**EXERCISE DATA**
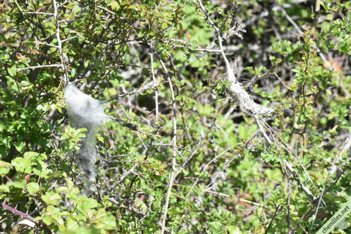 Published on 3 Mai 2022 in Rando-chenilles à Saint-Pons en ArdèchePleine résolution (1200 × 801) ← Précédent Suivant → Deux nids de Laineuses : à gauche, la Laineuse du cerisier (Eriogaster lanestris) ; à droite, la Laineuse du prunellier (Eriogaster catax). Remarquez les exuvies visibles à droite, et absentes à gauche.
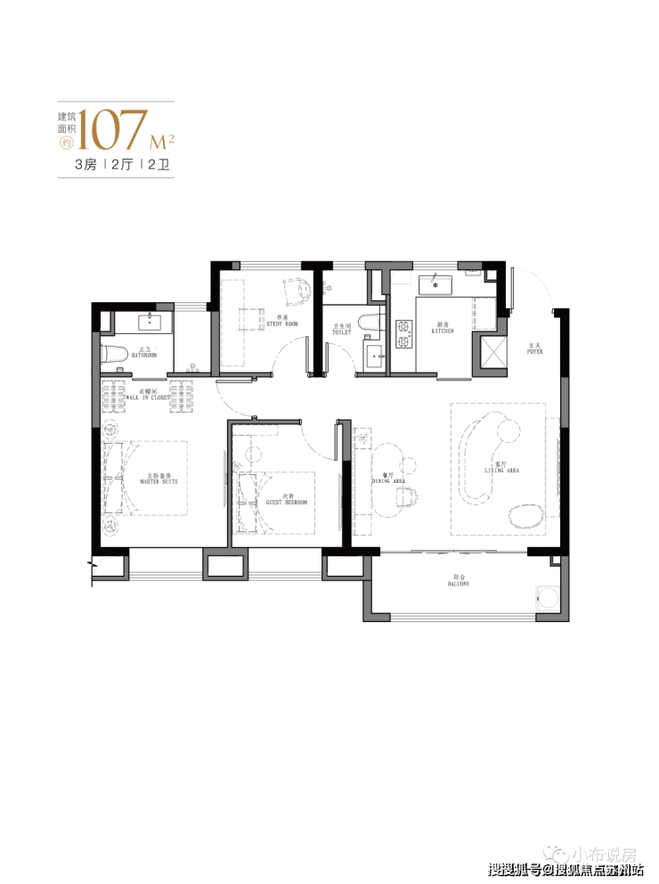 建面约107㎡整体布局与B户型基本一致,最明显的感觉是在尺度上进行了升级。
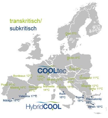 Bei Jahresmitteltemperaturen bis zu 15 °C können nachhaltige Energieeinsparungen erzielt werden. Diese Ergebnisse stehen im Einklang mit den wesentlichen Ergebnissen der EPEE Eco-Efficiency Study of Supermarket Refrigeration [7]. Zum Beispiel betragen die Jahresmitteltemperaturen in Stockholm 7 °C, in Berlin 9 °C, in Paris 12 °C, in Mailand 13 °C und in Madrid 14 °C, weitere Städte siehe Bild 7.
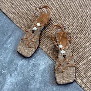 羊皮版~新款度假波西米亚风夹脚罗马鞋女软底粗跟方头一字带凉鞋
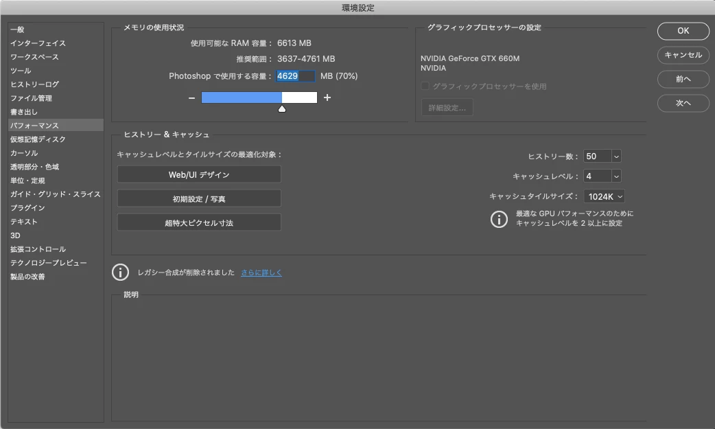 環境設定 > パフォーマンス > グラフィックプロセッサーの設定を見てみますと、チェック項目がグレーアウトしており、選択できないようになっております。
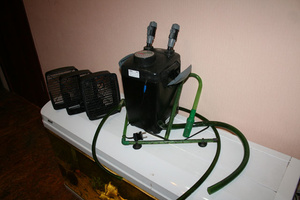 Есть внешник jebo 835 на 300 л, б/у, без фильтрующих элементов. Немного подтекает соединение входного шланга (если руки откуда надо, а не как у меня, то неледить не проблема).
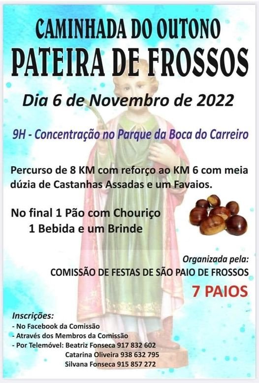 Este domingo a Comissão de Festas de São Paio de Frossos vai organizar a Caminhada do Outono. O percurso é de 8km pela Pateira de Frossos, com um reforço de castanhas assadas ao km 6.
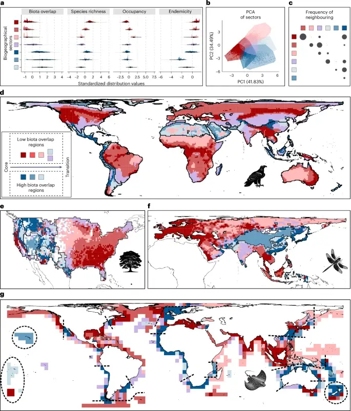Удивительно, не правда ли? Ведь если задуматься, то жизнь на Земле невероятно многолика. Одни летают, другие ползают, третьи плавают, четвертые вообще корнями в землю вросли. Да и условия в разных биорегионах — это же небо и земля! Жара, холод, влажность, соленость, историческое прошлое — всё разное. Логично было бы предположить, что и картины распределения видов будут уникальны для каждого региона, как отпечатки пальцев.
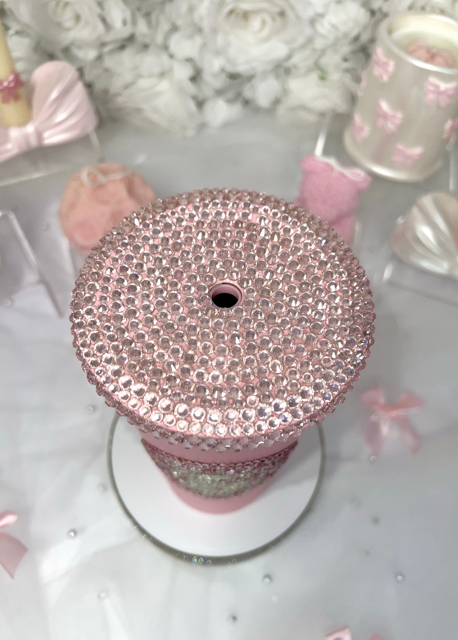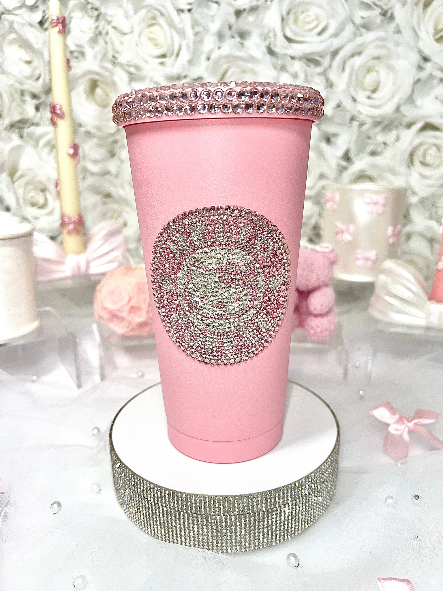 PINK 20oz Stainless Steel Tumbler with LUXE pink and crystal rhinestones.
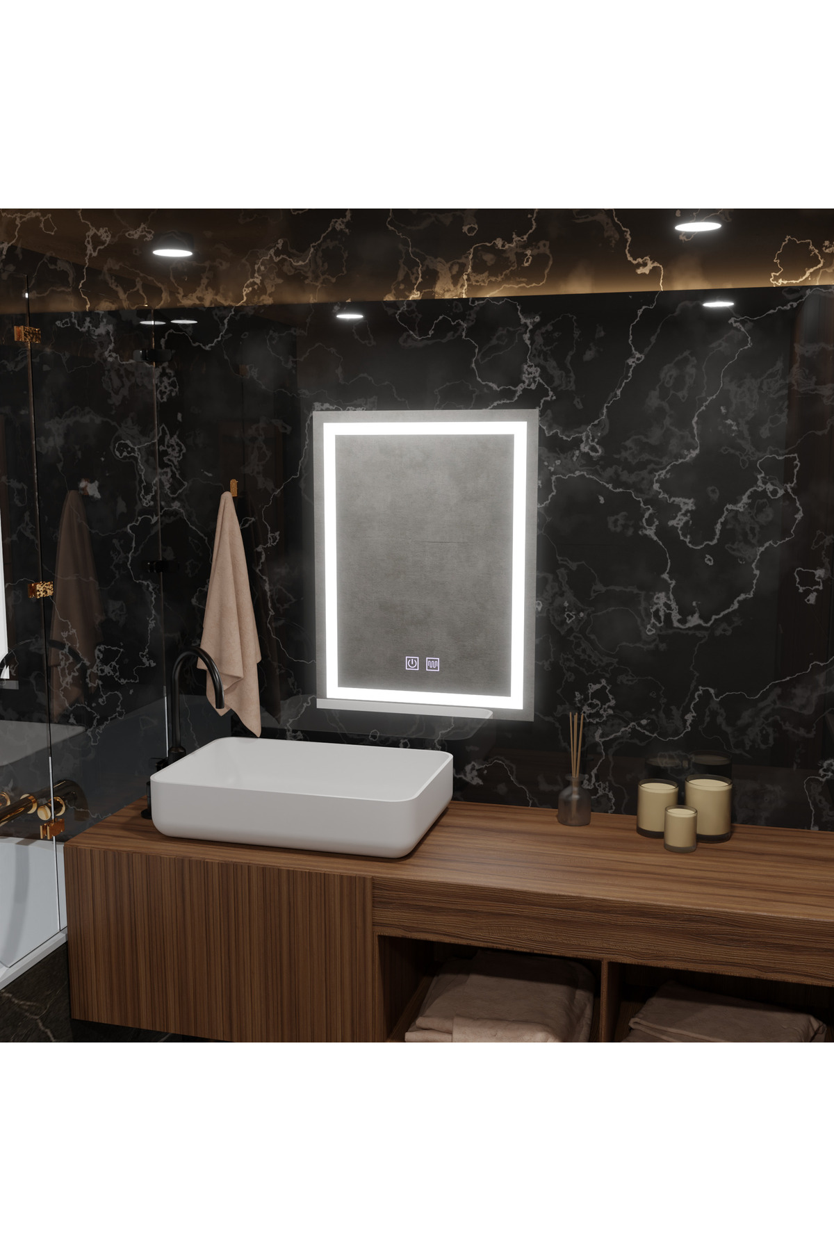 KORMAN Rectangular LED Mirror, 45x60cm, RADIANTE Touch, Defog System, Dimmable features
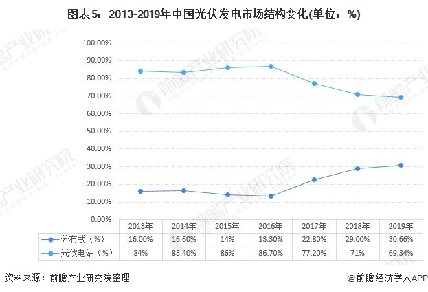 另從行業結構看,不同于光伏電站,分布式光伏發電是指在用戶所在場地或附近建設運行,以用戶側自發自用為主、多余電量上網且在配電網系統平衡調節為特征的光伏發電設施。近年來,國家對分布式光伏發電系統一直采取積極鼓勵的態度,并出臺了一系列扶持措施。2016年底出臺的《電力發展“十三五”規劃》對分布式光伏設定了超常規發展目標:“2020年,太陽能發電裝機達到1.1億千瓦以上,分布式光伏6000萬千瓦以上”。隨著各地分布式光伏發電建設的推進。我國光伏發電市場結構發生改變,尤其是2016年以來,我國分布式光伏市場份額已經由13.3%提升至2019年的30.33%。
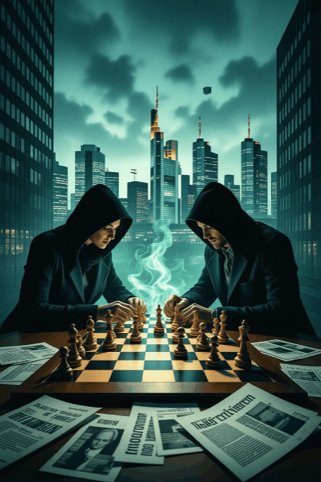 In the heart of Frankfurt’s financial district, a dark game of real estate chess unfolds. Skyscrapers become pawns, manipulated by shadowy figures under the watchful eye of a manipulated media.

**EXERCISE INSTRUCTIONS**
Go to the line above holding "Есть внешник jebo", then copy exactly each line down to and including the one holding "另從行業結構看,不同于光伏電", leaving pictures out.

**RESULT OF THE TASK**
 Есть внешник jebo 835 на 300 л, б/у, без фильтрующих элементов. Немного подтекает соединение входного шланга (если руки откуда надо, а не как у меня, то неледить не проблема).
 Este domingo a Comissão de Festas de São Paio de Frossos vai organizar a Caminhada do Outono. O percurso é de 8km pela Pateira de Frossos, com um reforço de castanhas assadas ao km 6.
Удивительно, не правда ли? Ведь если задуматься, то жизнь на Земле невероятно многолика. Одни летают, другие ползают, третьи плавают, четвертые вообще корнями в землю вросли. Да и условия в разных биорегионах — это же небо и земля! Жара, холод, влажность, соленость, историческое прошлое — всё разное. Логично было бы предположить, что и картины распределения видов будут уникальны для каждого региона, как отпечатки пальцев.
 PINK 20oz Stainless Steel Tumbler with LUXE pink and crystal rhinestones.
 KORMAN Rectangular LED Mirror, 45x60cm, RADIANTE Touch, Defog System, Dimmable features
 另從行業結構看,不同于光伏電站,分布式光伏發電是指在用戶所在場地或附近建設運行,以用戶側自發自用為主、多余電量上網且在配電網系統平衡調節為特征的光伏發電設施。近年來,國家對分布式光伏發電系統一直采取積極鼓勵的態度,并出臺了一系列扶持措施。2016年底出臺的《電力發展“十三五”規劃》對分布式光伏設定了超常規發展目標:“2020年,太陽能發電裝機達到1.1億千瓦以上,分布式光伏6000萬千瓦以上”。隨著各地分布式光伏發電建設的推進。我國光伏發電市場結構發生改變,尤其是2016年以來,我國分布式光伏市場份額已經由13.3%提升至2019年的30.33%。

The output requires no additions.